We load the dataset, and explore it.

In [22]:

data = pd.read_csv('../data/ft_excess_deaths.csv')

In [23]:

data.head()

Out[23]:

	country	region	period	year	month	week	date	deaths	expected_deaths	excess_deaths	excess_deaths_pct
0	Italy	Italy	week	2015	1	2.0	2015-01-09	15531.0	15531.0	0.0	0.000000
1	Italy	Italy	week	2015	1	3.0	2015-01-16	15490.0	15664.0	-174.0	-1.110827
2	Italy	Italy	week	2015	1	4.0	2015-01-23	14965.0	15283.0	-318.0	-2.080743
3	Italy	Italy	week	2015	1	5.0	2015-01-30	14810.0	14907.0	-97.0	-0.650701
4	Italy	Italy	week	2015	2	6.0	2015-02-06	15495.0	14834.0	661.0	4.455980

In [24]:

data['country'].unique()

Out[24]:

array(['Italy', 'Netherlands', 'Ecuador', 'Spain', 'France', 'Turkey',
       'Indonesia', 'Russia', 'Brazil', 'Peru', 'Chile', 'US', 'UK',
       'Belgium', 'Portugal', 'Denmark', 'Austria', 'Germany', 'Sweden',
       'South Africa', 'Norway', 'Israel', 'Iceland', 'Switzerland'],
      dtype=object)

Clean up the date column (create a new column)

In [25]:

data['date2'] = pd.to_datetime(
    data['date'], format='%Y-%m-%d'
)

Visualizations¶

For my purposes, I decided to select those data rows for each country as a whole (there are rows for sub-regions with a number of countries).

One key insite of the Financial Times analysis is that mortality due to the virus is best estimated by year on year mortality comparisions. Excess deaths in 2020, compared to previous years, is an estimate of deaths due to the virus. For the first plot we show the excess deaths for a 10 year time span, for each country.

In [26]:

data3 = data[data['country'] == data['region']]

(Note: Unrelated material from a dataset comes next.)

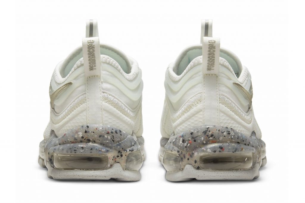 Un branding « Move to Zero » orne les semelles intérieures, confirmant l’utilisation de matériaux recyclés. Des matériaux estampillés « Nike Grind » auront pour leur part été utilisés pour les semelles intérieures. Une semelle extérieure en caoutchouc gris bicolore se charge de confirmer le design durable de cette AM97, dont la date de sortie n’a pas été communiquée pour le moment.

I want to produce a number of mini-graphs, one for each country, and I want each subplot to be formatted the same way. We create a function for that. Date x-tick labels can be a pain, because they overlap. We fix that by not labelling every tick mark, truncating the default label, and rotating the text. To help in reading off the maximum mortality rate, we draw a grid from the y axis, and draw the y=0 line.

In [27]:

def set_subplot_style(*args, **kwargs):

    # get the current Axes object
    ax = plt.gca()

    # just show year in x axis labels
    hfmt = dates.DateFormatter('%Y')

    # we just want ticks and labels at every second year
    ax.xaxis.set_major_locator(dates.YearLocator(2))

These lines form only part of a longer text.